The thing is that I don't think the net effect of favorites on the site is negative. That's, I think, the crux of my disagreement with anti-favorites folks. And I can understand that it's basically a locked-in-stone disagreement as far as that goes, since the arguments on either end are essentially assertions of personal belief ("My gut says it's a net positive" vs "I think it's been detrimental to the site").

You look at it as me saying "Wow! Matt just made an official announcement". No, it's "Wow!As captain of the fleet, Matt just showed how far the Good Ship MetaFilter has travelled in the Sea of Favorites. Don't miss the scenic Bay of Snark to the portside."

I got the feeling that you were using a specific and in my opinion overly strong reading of a portion of one of his sentences as ammunition in this old argument. If that was a bad read on my part, my apologies.

Your formulation of him as being "now on record" on the subject is weird if you're just noting that he thinks it's useful for this, because that's been the case for awfully long time. It is plainly, obviously useful for this. I never got the impression that arguments about the feature were materially about that but rather about substantially different aspects of the feature and it's potential effect (or not) on the community. So it struck me as odd that you put it that way, emphasize it like some sort of revelation or whatever. But I may be reading too much into your phrasing, yeah, so there we go.

Of course the subsequent discussion is here in a MetaTalk. Do you think most of the nonregular users of the site are going to read, let alone contribute, to an extended discussion on how certain design features may affect the site? Good grief, stated that way, the idea makes my own eyes glaze over.

That's why I mentioned the issue of where and how it was said. This isn't an announcement in the sidebar or the new message replacing the Tenth announcement up in the header. It's just a throwaway sentence in a random metatalk post, one that if I could see the future and control Matt's brain I would have left on the drawing table just to avoid the potential recurrence of this particular eye-glazery when there's not anything new really introduced to the topic.
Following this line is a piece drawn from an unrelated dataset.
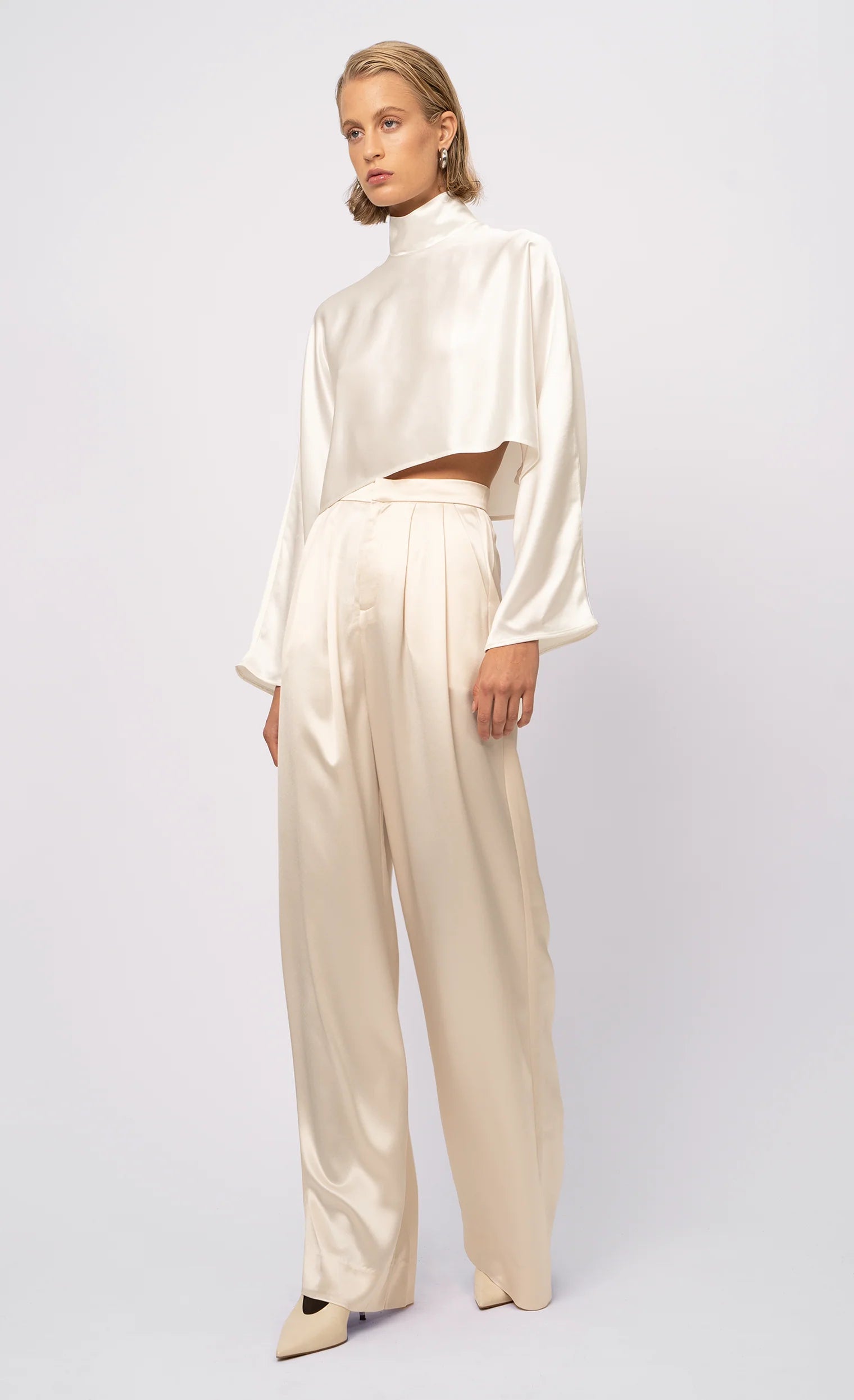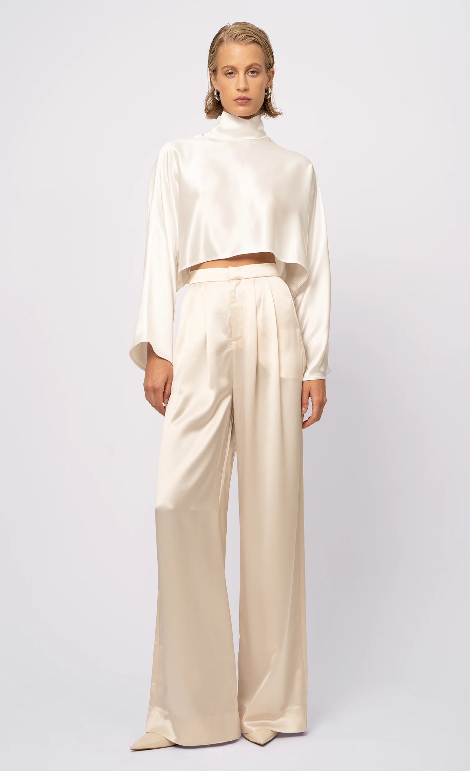 Our Paris Pant is a high-waisted, wide-leg pant made from 100% polyester. Simple, yet elegant the silky look elevates the overall appearance of the pant. The small touches such as pleats and the front zipper closure make them all the more unique.

I'd argue that it's a pretty minimal subset of mefites who are going to (a) read Metatalk regularly, (b) click through into this post, (c) read Matt's post, (d) accept it as literal gospel, (e) not give the subject of favorites another thought, and (f) steadfastly ignore everything else in the thread and prior and future threads on faves, is how I'm looking at the impact of it. But, again, I may be arguing with something you didn't mean to say, so I'll let it lie at that.

For a variety of reasons, but partly due to the way I perceive attitudes and behaviors here have changed with favorites voting, MetaFilter captures an increasingly smaller portion of my attention. Were it not for AskMe, with its strict posting policies that attenuate the negative effect of favorites, the site's utility to me would fall into the noise threshold of other forums. There's a data point for you.

I hear you, and I respect your opinion on the subject.

My perception is that what has changed around here over the last few years has been subtle and in a lot of ways positive growth and diversification of the voices here, that fundamentally Mefi 2009 doesn't look a lot different than Mefi 2005, and that the sub-role favorites have had since their inception is a relatively minimal one in what changes have occurred.

Whether we're disagreeing about what's there to perceive or just perceiving the same things and valuing or digesting them differently, I don't know. I care a lot about this place, I have gotten the impression over the years that you do to, and it's likely difficult for either of us to completely divest our personal/emotional models of the site from our respective thinking about this kind of thing. Which may make it harder to find a place of agreement, but at least prompts some worthwhile debate, and I appreciate that.